───── Extracted material ─────
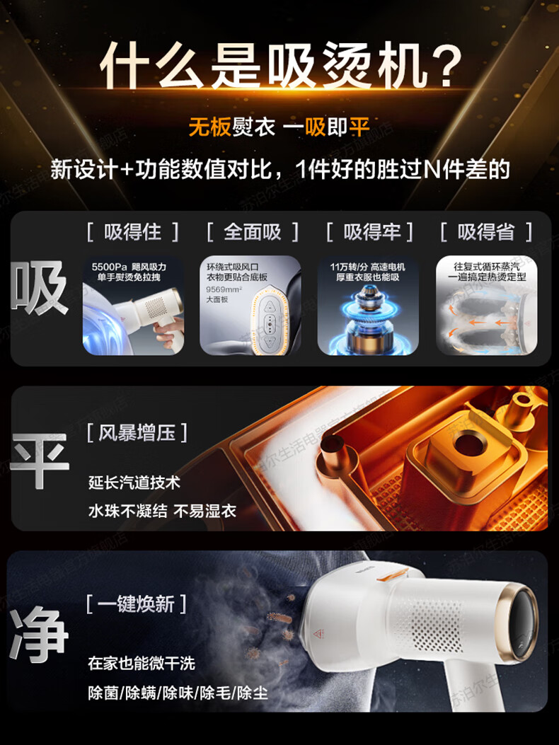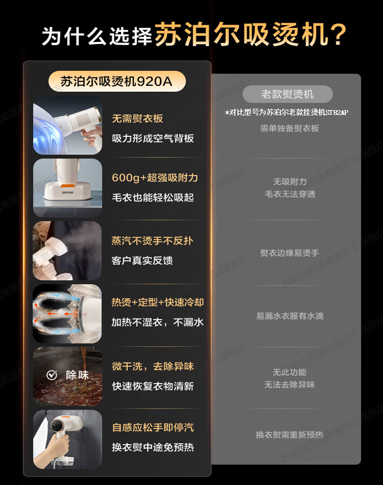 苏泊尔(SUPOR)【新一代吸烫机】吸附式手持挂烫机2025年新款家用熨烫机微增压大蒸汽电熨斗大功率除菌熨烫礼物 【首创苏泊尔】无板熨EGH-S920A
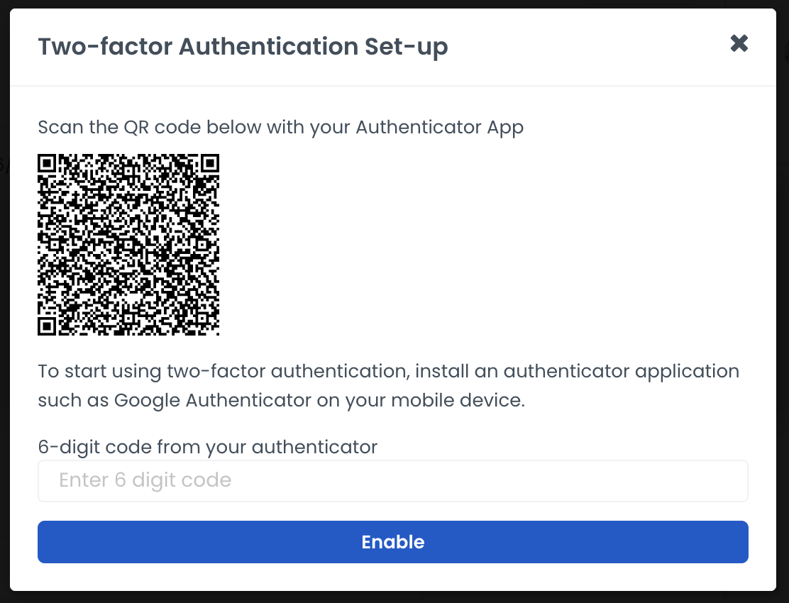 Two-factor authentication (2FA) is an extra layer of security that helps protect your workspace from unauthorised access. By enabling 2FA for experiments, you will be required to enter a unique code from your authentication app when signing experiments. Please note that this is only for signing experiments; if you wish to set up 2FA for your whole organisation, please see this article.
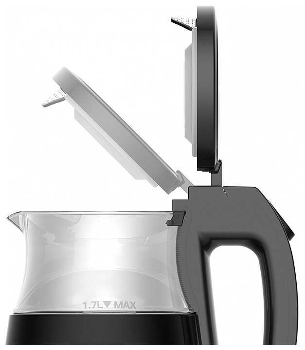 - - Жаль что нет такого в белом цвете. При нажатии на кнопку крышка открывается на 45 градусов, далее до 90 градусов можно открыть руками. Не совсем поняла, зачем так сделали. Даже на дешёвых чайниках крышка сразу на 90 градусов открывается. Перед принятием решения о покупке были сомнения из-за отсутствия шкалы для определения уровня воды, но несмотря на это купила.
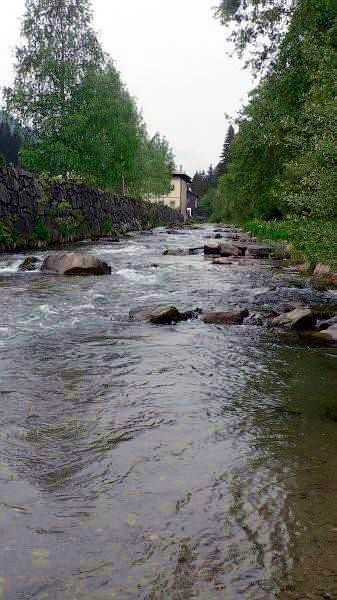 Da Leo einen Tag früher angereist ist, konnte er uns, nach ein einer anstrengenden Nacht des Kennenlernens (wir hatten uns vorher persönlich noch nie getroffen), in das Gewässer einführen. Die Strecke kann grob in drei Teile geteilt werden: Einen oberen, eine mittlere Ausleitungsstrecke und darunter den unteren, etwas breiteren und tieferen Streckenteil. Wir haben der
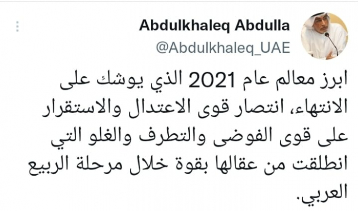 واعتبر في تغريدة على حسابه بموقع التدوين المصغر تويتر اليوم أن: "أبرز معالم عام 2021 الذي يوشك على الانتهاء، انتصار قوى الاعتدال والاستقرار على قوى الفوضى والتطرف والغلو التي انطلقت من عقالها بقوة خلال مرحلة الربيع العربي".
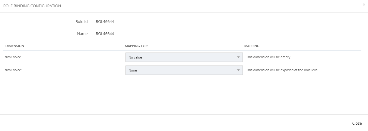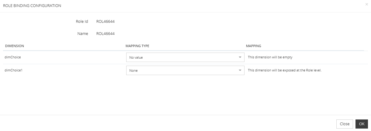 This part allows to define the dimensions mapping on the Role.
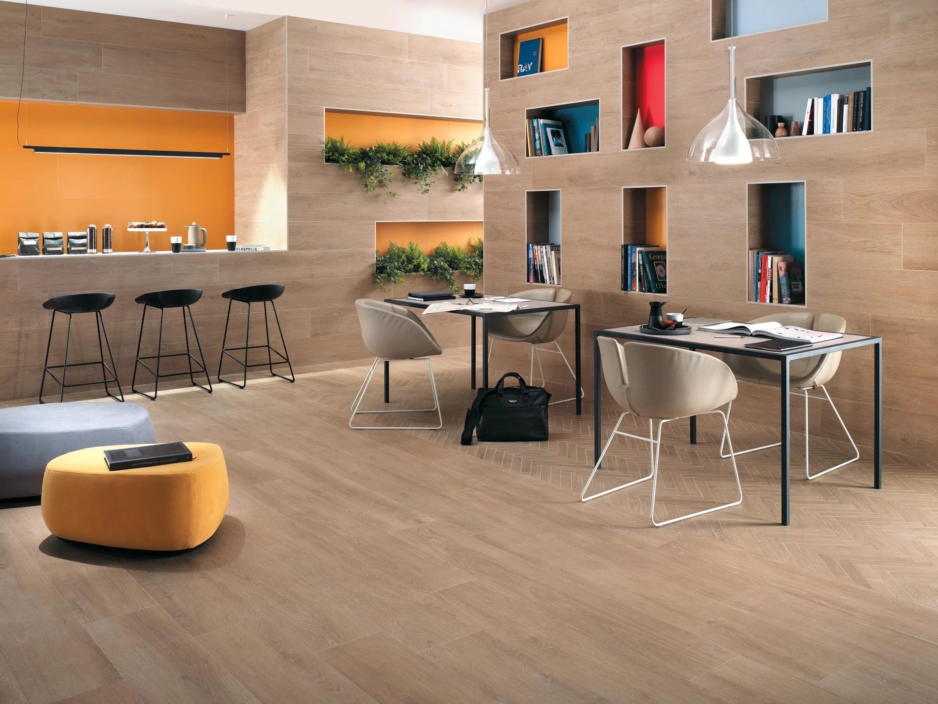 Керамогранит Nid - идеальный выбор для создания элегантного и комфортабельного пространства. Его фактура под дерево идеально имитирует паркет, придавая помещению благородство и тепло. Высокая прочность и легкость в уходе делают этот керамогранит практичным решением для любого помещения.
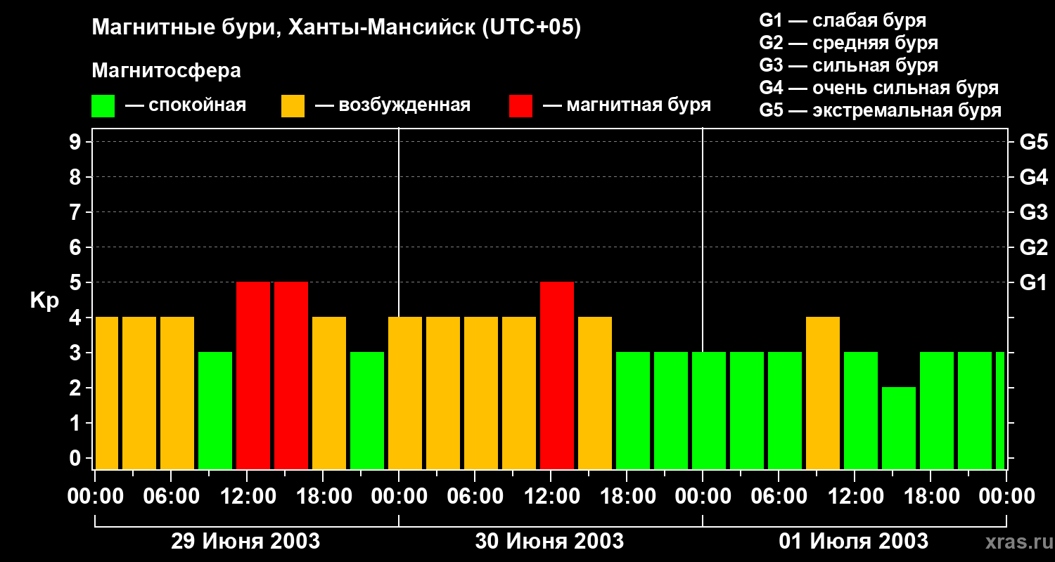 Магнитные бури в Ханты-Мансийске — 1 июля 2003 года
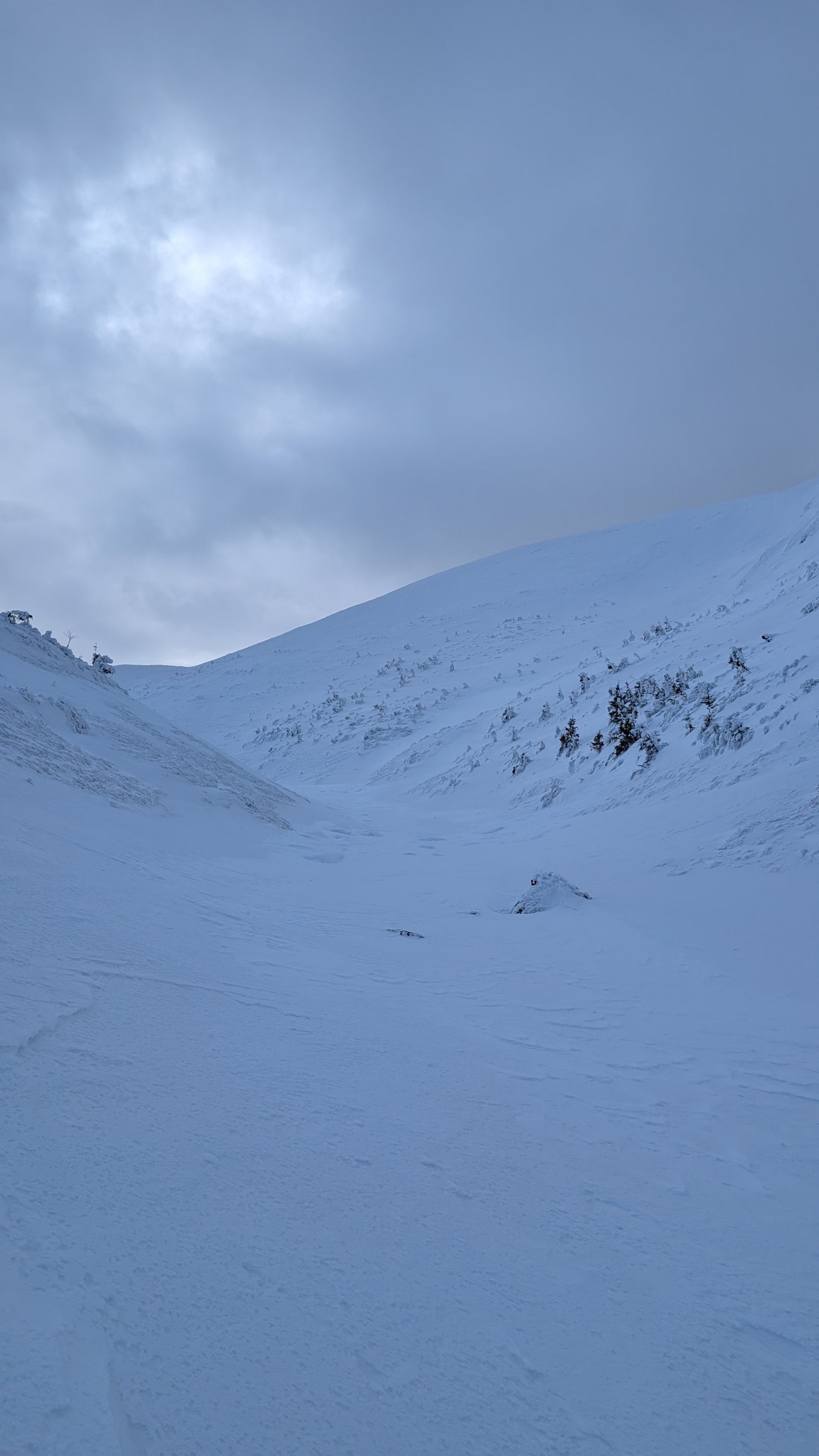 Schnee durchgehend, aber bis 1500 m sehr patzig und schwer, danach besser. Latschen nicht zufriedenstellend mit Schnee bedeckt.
─────
- [Aim of the exercise]: Exclude images. Return the data above verbatim.

- [Task response]:
 苏泊尔(SUPOR)【新一代吸烫机】吸附式手持挂烫机2025年新款家用熨烫机微增压大蒸汽电熨斗大功率除菌熨烫礼物 【首创苏泊尔】无板熨EGH-S920A
 Two-factor authentication (2FA) is an extra layer of security that helps protect your workspace from unauthorised access. By enabling 2FA for experiments, you will be required to enter a unique code from your authentication app when signing experiments. Please note that this is only for signing experiments; if you wish to set up 2FA for your whole organisation, please see this article.
 - - Жаль что нет такого в белом цвете. При нажатии на кнопку крышка открывается на 45 градусов, далее до 90 градусов можно открыть руками. Не совсем поняла, зачем так сделали. Даже на дешёвых чайниках крышка сразу на 90 градусов открывается. Перед принятием решения о покупке были сомнения из-за отсутствия шкалы для определения уровня воды, но несмотря на это купила.
 Da Leo einen Tag früher angereist ist, konnte er uns, nach ein einer anstrengenden Nacht des Kennenlernens (wir hatten uns vorher persönlich noch nie getroffen), in das Gewässer einführen. Die Strecke kann grob in drei Teile geteilt werden: Einen oberen, eine mittlere Ausleitungsstrecke und darunter den unteren, etwas breiteren und tieferen Streckenteil. Wir haben der
 واعتبر في تغريدة على حسابه بموقع التدوين المصغر تويتر اليوم أن: "أبرز معالم عام 2021 الذي يوشك على الانتهاء، انتصار قوى الاعتدال والاستقرار على قوى الفوضى والتطرف والغلو التي انطلقت من عقالها بقوة خلال مرحلة الربيع العربي".
 This part allows to define the dimensions mapping on the Role.
 Керамогранит Nid - идеальный выбор для создания элегантного и комфортабельного пространства. Его фактура под дерево идеально имитирует паркет, придавая помещению благородство и тепло. Высокая прочность и легкость в уходе делают этот керамогранит практичным решением для любого помещения.
 Магнитные бури в Ханты-Мансийске — 1 июля 2003 года
 Schnee durchgehend, aber bis 1500 m sehr patzig und schwer, danach besser. Latschen nicht zufriedenstellend mit Schnee bedeckt.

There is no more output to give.